Your task:
Beginning with the line that holds "Yeşillik alanı, mangal" and finishing with the line that holds "Tunique en maille", repeat the listing exactly, leaving every picture out.

Input records:
-- Opening Marker --
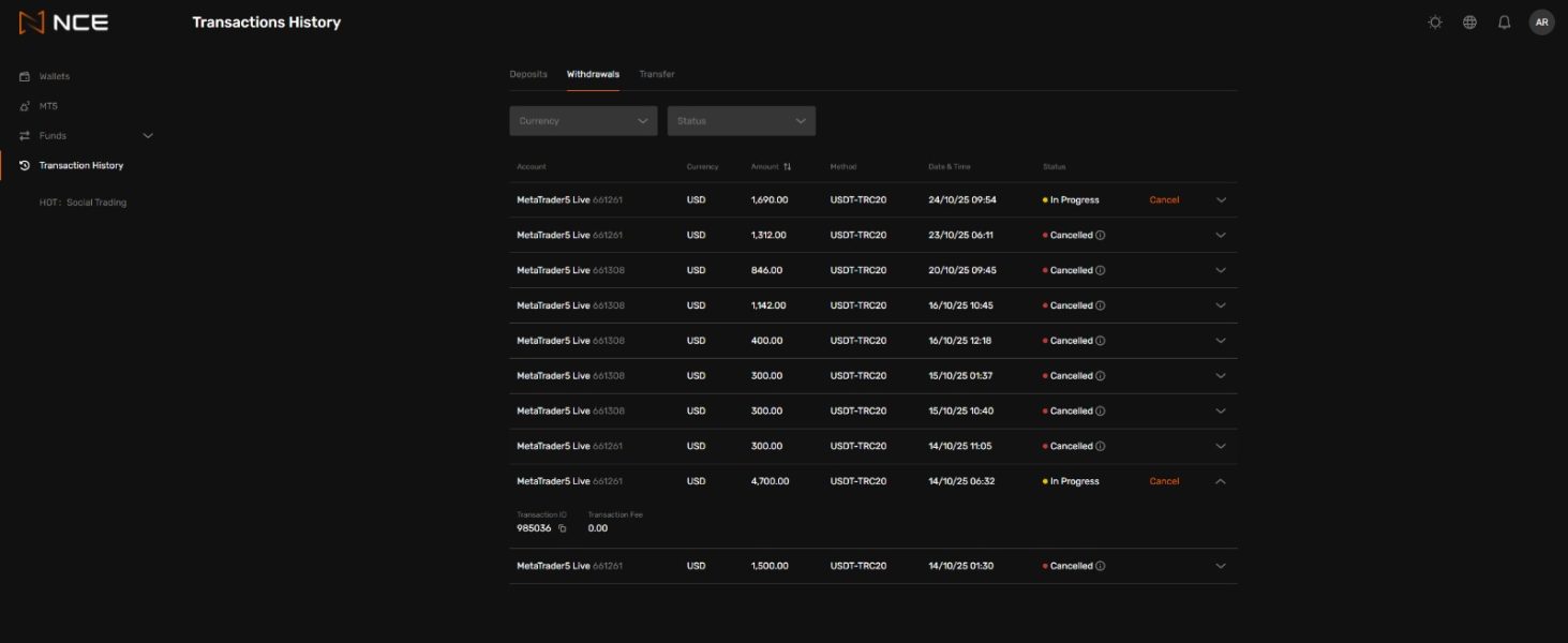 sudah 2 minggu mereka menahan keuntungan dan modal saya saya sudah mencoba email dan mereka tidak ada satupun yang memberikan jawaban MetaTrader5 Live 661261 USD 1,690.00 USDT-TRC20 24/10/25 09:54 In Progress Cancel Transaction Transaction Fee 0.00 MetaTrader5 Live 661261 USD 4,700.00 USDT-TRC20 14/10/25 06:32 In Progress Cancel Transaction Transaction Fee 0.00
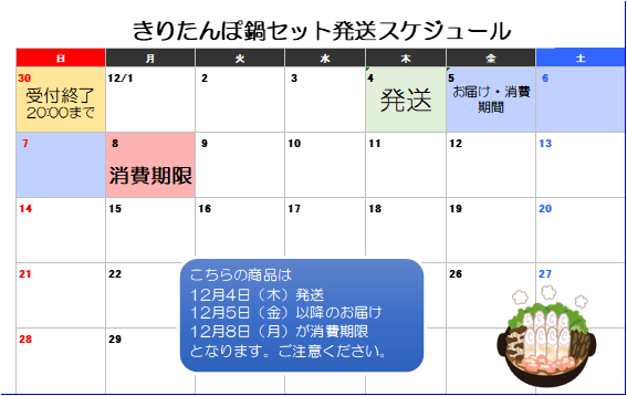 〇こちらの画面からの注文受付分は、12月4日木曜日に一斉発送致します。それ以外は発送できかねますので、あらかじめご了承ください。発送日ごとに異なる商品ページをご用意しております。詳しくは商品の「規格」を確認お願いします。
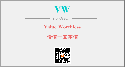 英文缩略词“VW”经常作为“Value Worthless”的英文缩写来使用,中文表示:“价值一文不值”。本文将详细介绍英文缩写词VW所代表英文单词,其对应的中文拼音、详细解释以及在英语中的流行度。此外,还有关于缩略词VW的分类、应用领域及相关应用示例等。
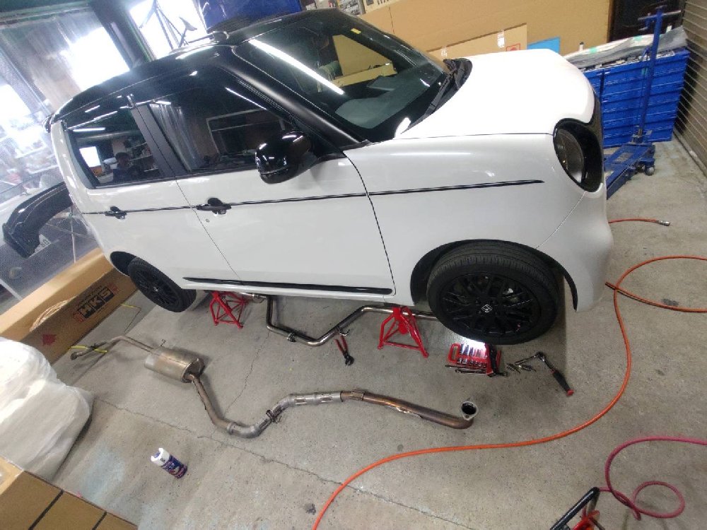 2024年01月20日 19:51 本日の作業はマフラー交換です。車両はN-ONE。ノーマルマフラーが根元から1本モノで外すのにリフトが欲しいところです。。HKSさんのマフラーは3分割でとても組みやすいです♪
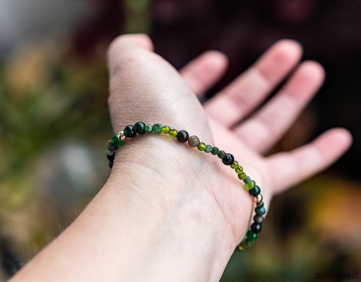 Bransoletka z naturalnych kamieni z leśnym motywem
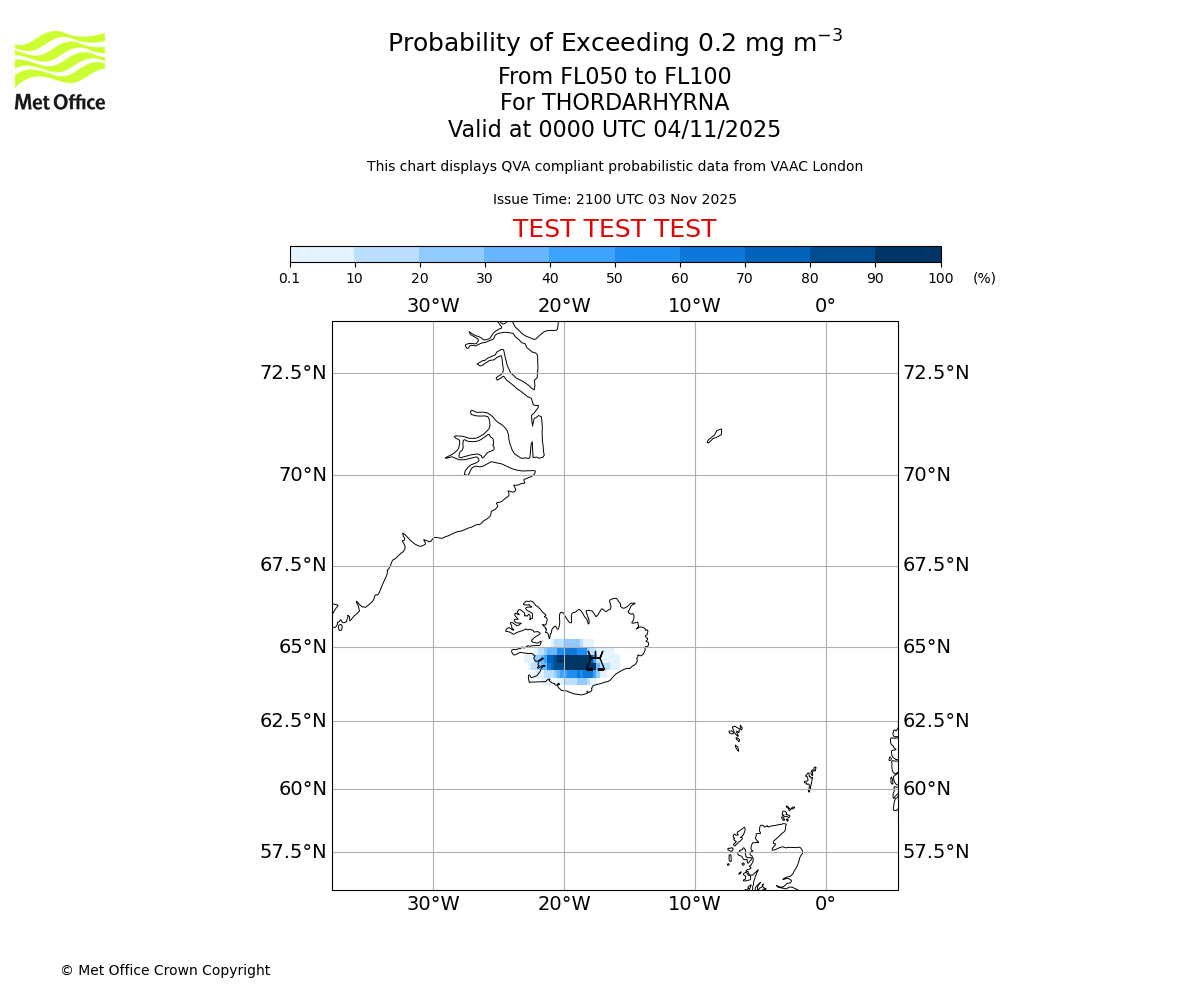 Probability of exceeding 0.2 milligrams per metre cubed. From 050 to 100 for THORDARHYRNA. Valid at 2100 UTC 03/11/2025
-- Closing Marker --
-- Opening Marker --
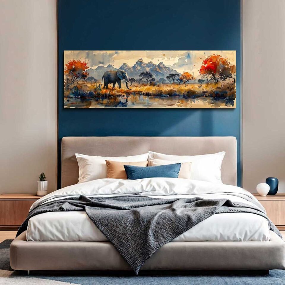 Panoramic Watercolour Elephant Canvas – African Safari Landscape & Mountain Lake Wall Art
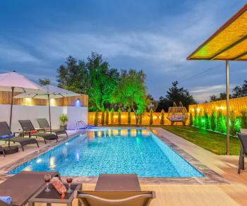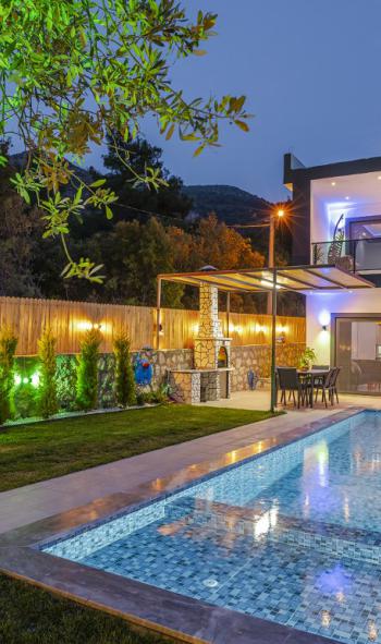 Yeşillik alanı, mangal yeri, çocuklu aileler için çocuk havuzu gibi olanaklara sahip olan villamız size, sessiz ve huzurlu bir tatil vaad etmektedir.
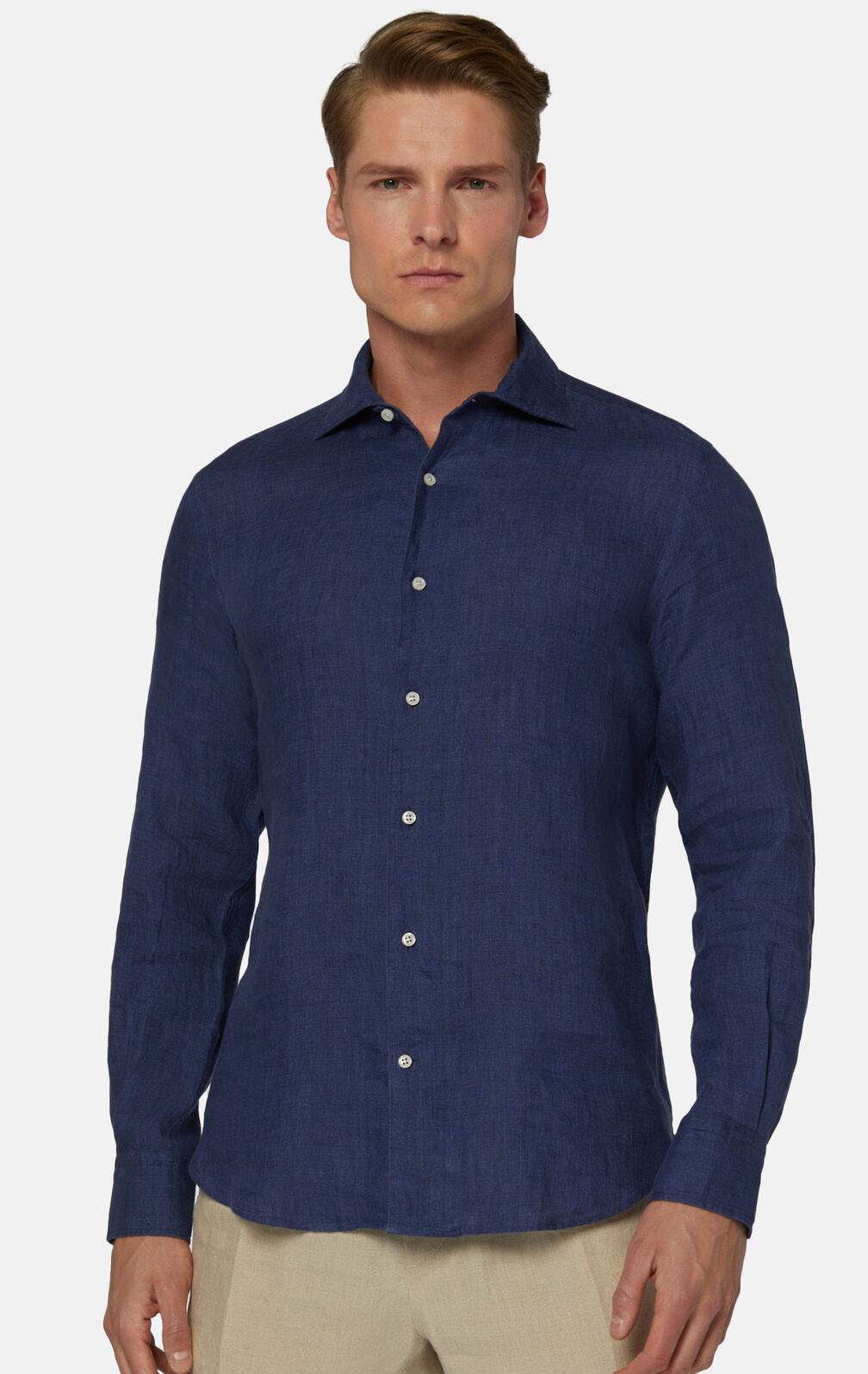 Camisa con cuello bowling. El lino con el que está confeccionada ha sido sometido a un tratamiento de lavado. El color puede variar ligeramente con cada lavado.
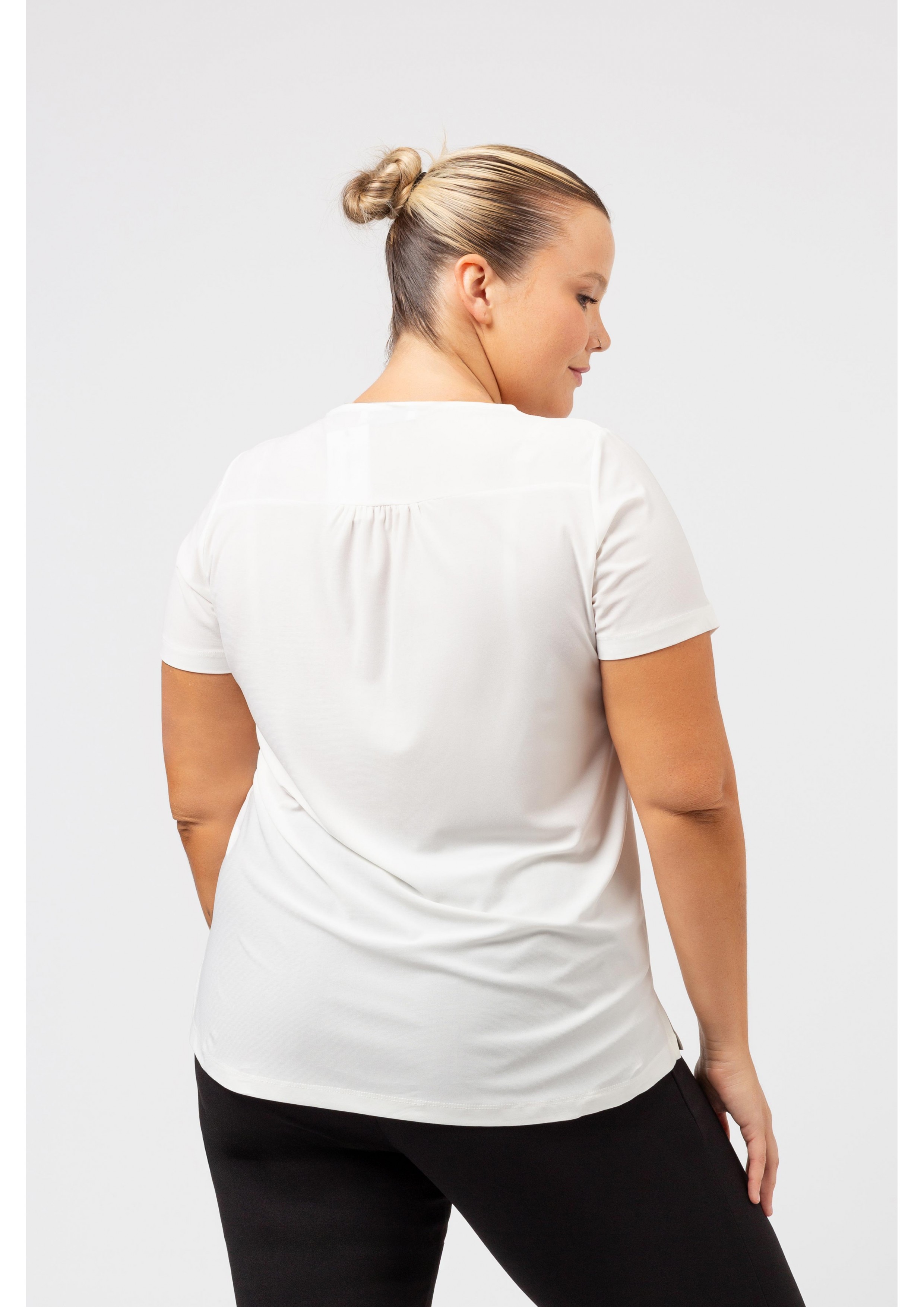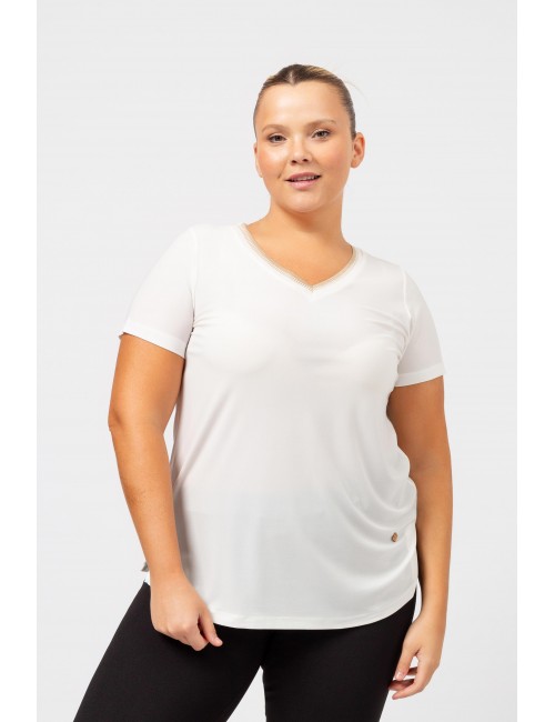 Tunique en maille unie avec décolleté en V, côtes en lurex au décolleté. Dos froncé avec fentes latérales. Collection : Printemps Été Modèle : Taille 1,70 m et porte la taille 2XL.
-- Closing Marker --
Task answer:
 Yeşillik alanı, mangal yeri, çocuklu aileler için çocuk havuzu gibi olanaklara sahip olan villamız size, sessiz ve huzurlu bir tatil vaad etmektedir.
 Camisa con cuello bowling. El lino con el que está confeccionada ha sido sometido a un tratamiento de lavado. El color puede variar ligeramente con cada lavado.
 Tunique en maille unie avec décolleté en V, côtes en lurex au décolleté. Dos froncé avec fentes latérales. Collection : Printemps Été Modèle : Taille 1,70 m et porte la taille 2XL.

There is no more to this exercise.